Get appraisals from a used furniture and get more than one. Sell in lots and have the buyer pay for shipping or they pick-up. I’ve sold stuff to an appraiser at the other appraiser price. LOL

Dan_Lyons's avatar

@jaytkay Sellers no longer can give buyers anything but positive feedback.

Otherwise Ebay is an excellent way to go and if you use PayPal for payments your total payment to them is about 15% of your total sale.

jaytkay's avatar

@Dan_Lyons good point, don’t forget that eBay and PayPal are taking a good-sized bite out of your selling price.

It’s worth it, much better than standing on the street trying to sell your stuff, but don’t forget to include the overhead in your math.

ibstubro's avatar

I no longer mess with Ebay. They started out where the sellers could screw the buyers at the drop of a hat (so to speak!). The ‘fix’ was the opposite…the buyers can hold the sellers for ransom with the threat of negative feedback. Not to mention that, as a new seller, you’d have to practically give away 10–50 items just to get enough positive feedback for the longer-term users the take you seriously. That’s a lot of work to establish cred.

I have an auction house and most of my customers that sell online are doing so on…drum roll please…Facebook. There are on-line selling groups you can join, and it is still currently fee-free. It meets all of @jaytkay‘s Craig’s List pluses above with as much danger of running into a looney or having someone hijack your email or other personal ID. Craig’s list has basically become a Phishing pond, IMO, and it’s hard for a newbie to protect themselves.

The biggest drawback to using Facebook is you have to be a Facebook user, and you have to set your price (unlike bidding on eBay). You can search for like items on eBay under sold items and get a decent idea of market value there. And if you stay local, there’s no packing and no shipping fees.

Then again, depending on where you live, you might consider unloading all the sellable stuff with a couple set-ups at a local flea market. Or you could take a spot in an ‘Antique Mall’. I have one I pay $40 a month for. I’ve always made rent and have gotten checks as high as $280 after rent. Another place I have a spot takes things on consignment, where you just take the stuff in and they price and sell it for a percentage, cut you a check.

Or just find a reputable local auction house, consign the stuff, and collect a check.

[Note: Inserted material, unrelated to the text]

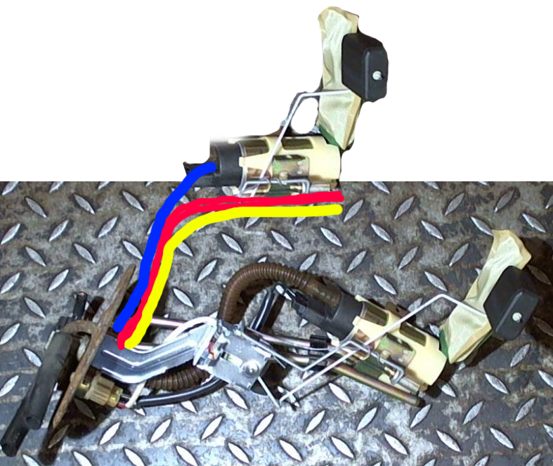 Крышка у меня - как на фото (фото не мое). Только один нюанс - там еще есть дырка под датчик, который идет вроде на экологию и много у кого ломается (лечится спайкой 3-х резисторов вроде). Бак - так же как на фото (фото не мое) - точно такой же стакан. И последнее - попытался нарисовать в фотошопе - какая сборка у меня: красная линия - кронштейн крепления бензонасоса. синяя линия - на бензонасос. желтая линия - обратка. т.е. если у всех крепление идет сразу вниз-в сторону, то у меня - в сторону - а потом "Г"-образное крепление насоса Эскизы прикрепленных изображений -------------------- Kia Sportage 1998 г.в. 2.0 DOHC, 16 клапанов, 128 л.с. автомат, Канадец.

Explore your options, in other words.

Pachy's avatar

Never do business with any buyer who offers to pay you extra money via PayPal if you’ll ship your item to someone in or out of the country. It’s a classic scam, and falling for it once taught me this invaluable lesson. As @jaytkay wisely advises, always accept cash, and only in person in a public place.

JLeslie's avatar

Looks like you have some good advice above. I’ll add that used books and CD’s are best sold on

Stay safe. If the person is coming to your home have someone else there or have a friend who expects your call at a certain time and they know something is wrong if you don’t call. The trick is if you happen to forget, they can call you, but then you either have a secret code word that everything is ok, or they don’t know your ok unless you call them right back. A bad guy might let you take a call, but they are not going to let you make a call. When we sold somthing on Craigslist it took about ten minutes to already have three people very interested, it was incredible. I don’t know how typical that is.

Think about having an estate sale or garage sale. Take a small ad out in the local paper to advertise it.

If you have trouble selling something don’t forget you can donate things for either a tax write off, or just because it might be a nice thing to do. Children of friends just starting out and in need of things, new immigrants to the country (you can look for the same background as yourself if you are so inclined).

2davidc8's avatar

OK, duly noted. Thank you, everybody!